**EXERCISE AIM:**
Below are records to retype exactly, except for the pictures.

========

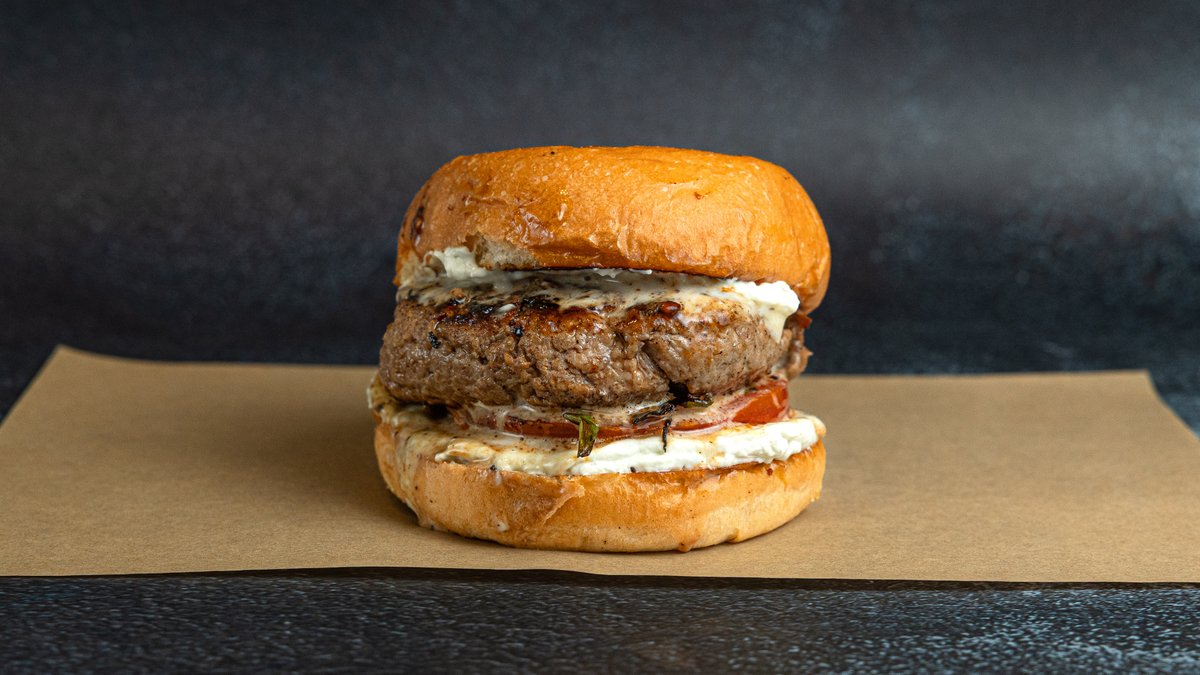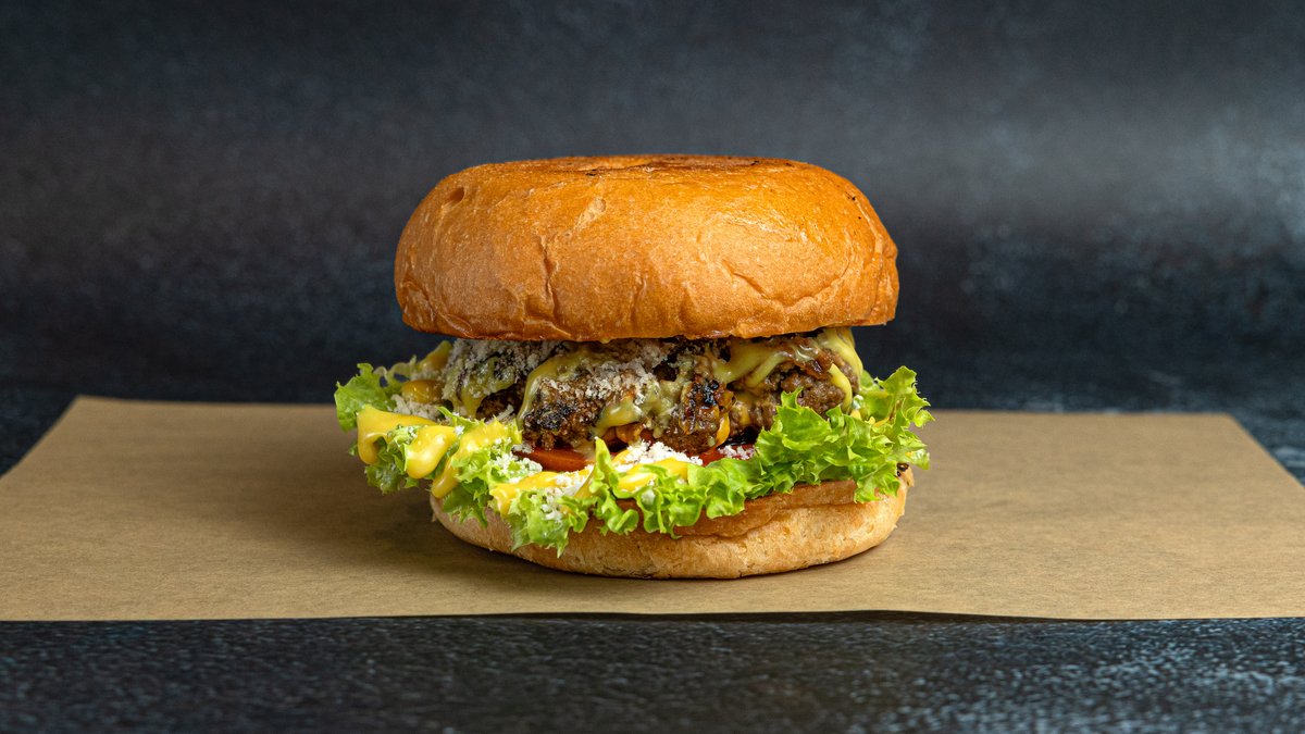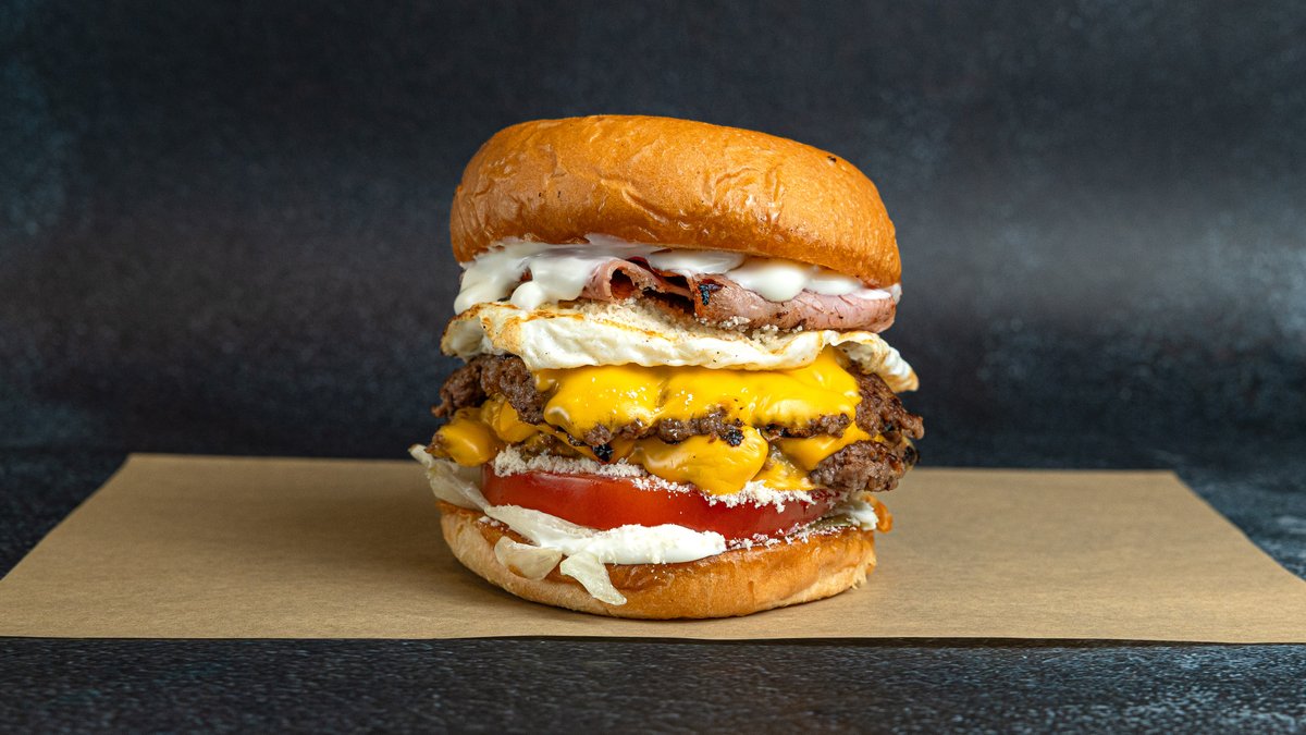 Διπλό 100% μοσχαρίσιο smashed μπιφτέκι, τσένταρ, ντομάτα, iceberg, αυγό τηγανητό, μπέικον, μαγιονέζα και παρμεζάνα
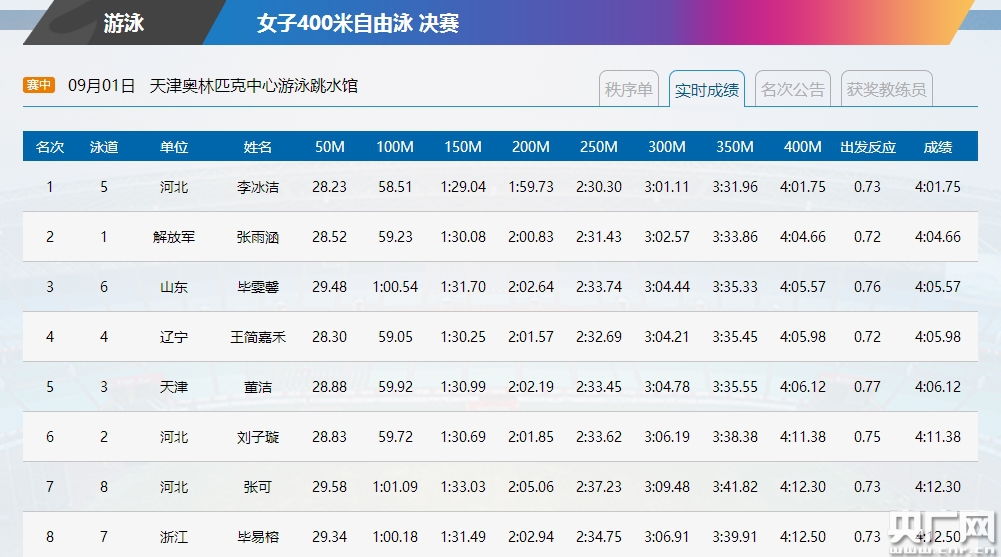 1日,第十三屆全運(yùn)會(huì)游泳項(xiàng)目進(jìn)入第二個(gè)比賽日,在女子400米自由泳決賽中,來(lái)自河北的15歲小將李冰潔以4:01.75獲得冠軍。解放軍張雨涵以4:04.66獲得亞軍,山東選手畢雯馨以4:05.57獲得季軍。
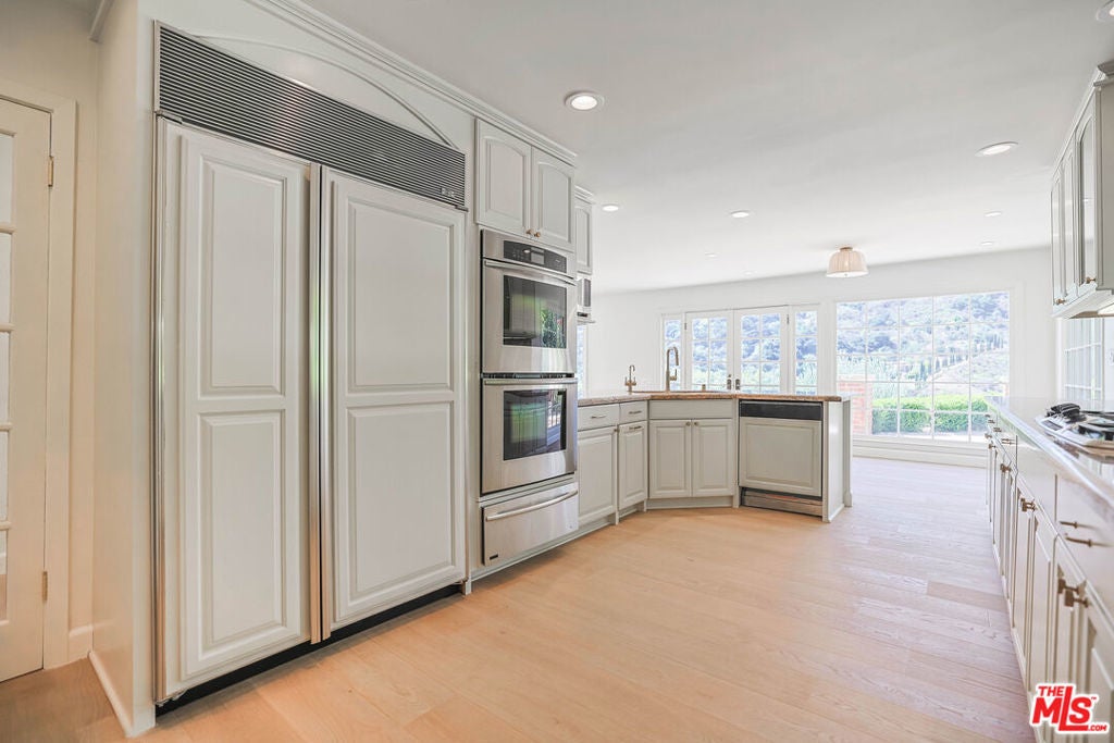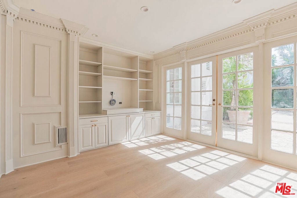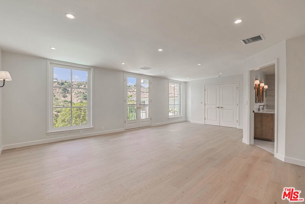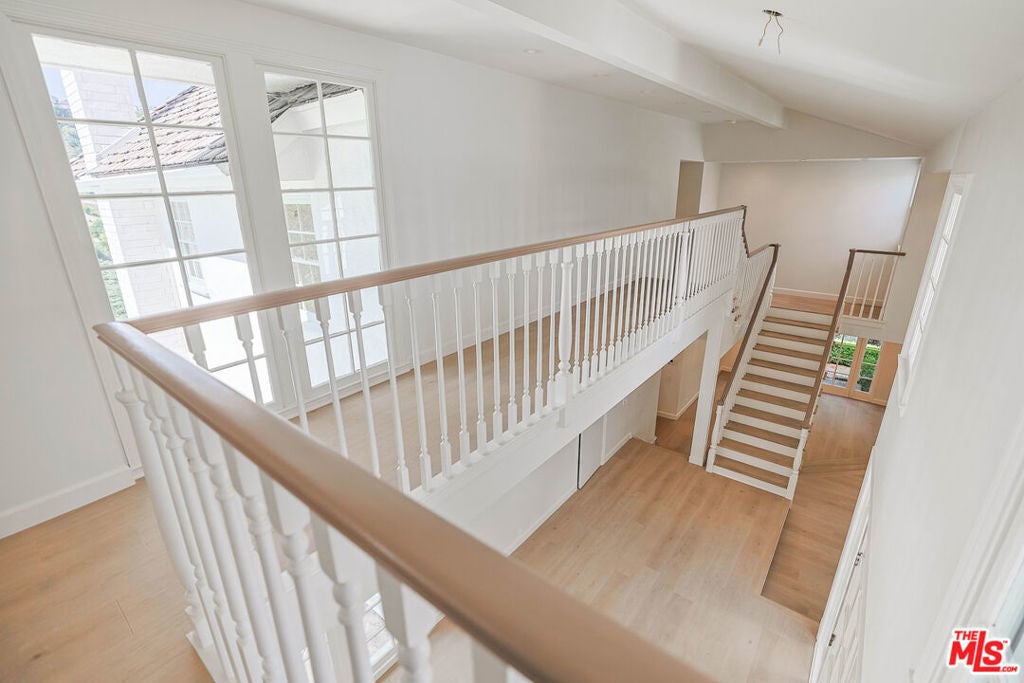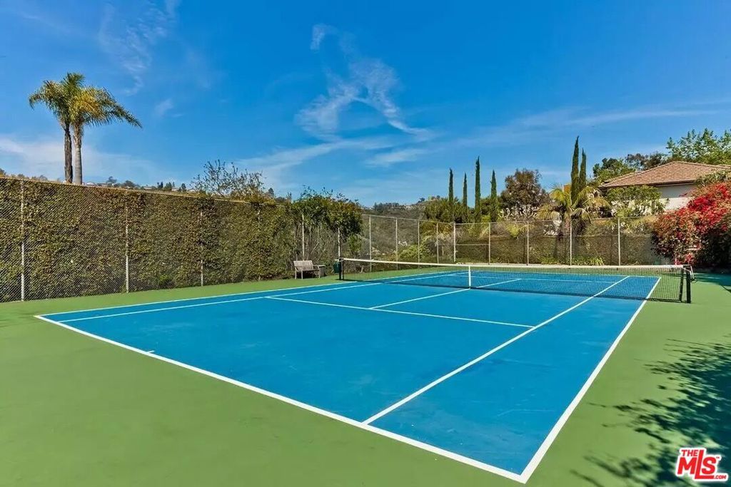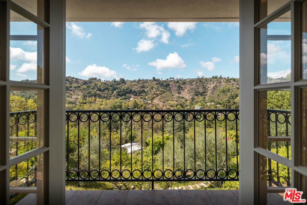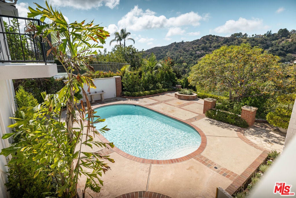 PRIVATE GATED BHPO RETREAT WITH WEST FACING VIEWS & PRIVATE POOL & TENNIS COURTS. This newly renovated +/- 4,000 SF home is the perfect family retreat, offering 4 bedrooms plus a library/den office with an ideal layout and thoughtful finishes. Set within a secure gated community just minutes from Sunset Blvd off Benedict Canyon, the property combines privacy, tranquility, and functionality. High ceilings welcome you into the living room, with new hardwood and tile flooring carrying throughout the house. An oversized primary suite and an additional en-suite master anchor the upstairs level, alongside two perfectly apportioned bedrooms. East-facing exposure fills the interiors with natural light from sunrise to sunset.Outdoors, the home feels like Tuscany, with insane mountain views, a romantic garden, hillside pathway, fruit trees, and a large swimming pool surrounded by tranquil greenery. The property includes a 3-car garage, laundry room, and access to two community tennis courts. Fireplaces are decorative only.
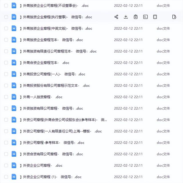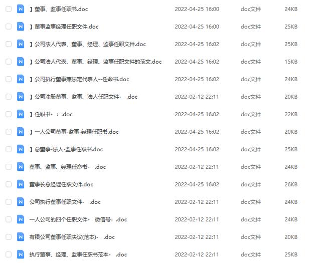 有限公司章程,150份。外资公司章程,38份。合资公司章程,67份。股份公司章程,101份。独资公司章程,61份。董事,监理,法人代表任职书,15份。一人公司章程,36份。
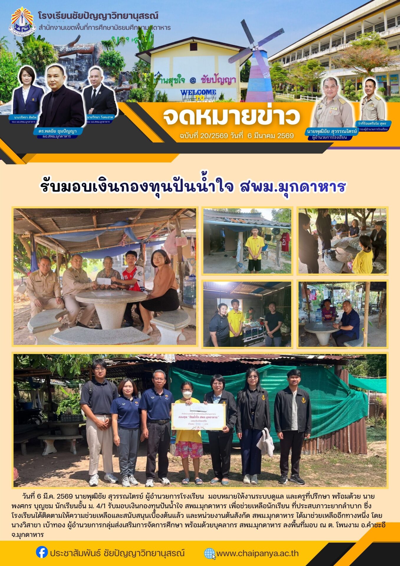โรงเรียนชัยปัญญาวิทยานุสรณ์ ฉบับที่ 20/2569 วันที่ 6 มีนาคม 2569

========

**RESPONSE AREA:**
 Διπλό 100% μοσχαρίσιο smashed μπιφτέκι, τσένταρ, ντομάτα, iceberg, αυγό τηγανητό, μπέικον, μαγιονέζα και παρμεζάνα
 1日,第十三屆全運(yùn)會(huì)游泳項(xiàng)目進(jìn)入第二個(gè)比賽日,在女子400米自由泳決賽中,來(lái)自河北的15歲小將李冰潔以4:01.75獲得冠軍。解放軍張雨涵以4:04.66獲得亞軍,山東選手畢雯馨以4:05.57獲得季軍。
 PRIVATE GATED BHPO RETREAT WITH WEST FACING VIEWS & PRIVATE POOL & TENNIS COURTS. This newly renovated +/- 4,000 SF home is the perfect family retreat, offering 4 bedrooms plus a library/den office with an ideal layout and thoughtful finishes. Set within a secure gated community just minutes from Sunset Blvd off Benedict Canyon, the property combines privacy, tranquility, and functionality. High ceilings welcome you into the living room, with new hardwood and tile flooring carrying throughout the house. An oversized primary suite and an additional en-suite master anchor the upstairs level, alongside two perfectly apportioned bedrooms. East-facing exposure fills the interiors with natural light from sunrise to sunset.Outdoors, the home feels like Tuscany, with insane mountain views, a romantic garden, hillside pathway, fruit trees, and a large swimming pool surrounded by tranquil greenery. The property includes a 3-car garage, laundry room, and access to two community tennis courts. Fireplaces are decorative only.
 有限公司章程,150份。外资公司章程,38份。合资公司章程,67份。股份公司章程,101份。独资公司章程,61份。董事,监理,法人代表任职书,15份。一人公司章程,36份。
โรงเรียนชัยปัญญาวิทยานุสรณ์ ฉบับที่ 20/2569 วันที่ 6 มีนาคม 2569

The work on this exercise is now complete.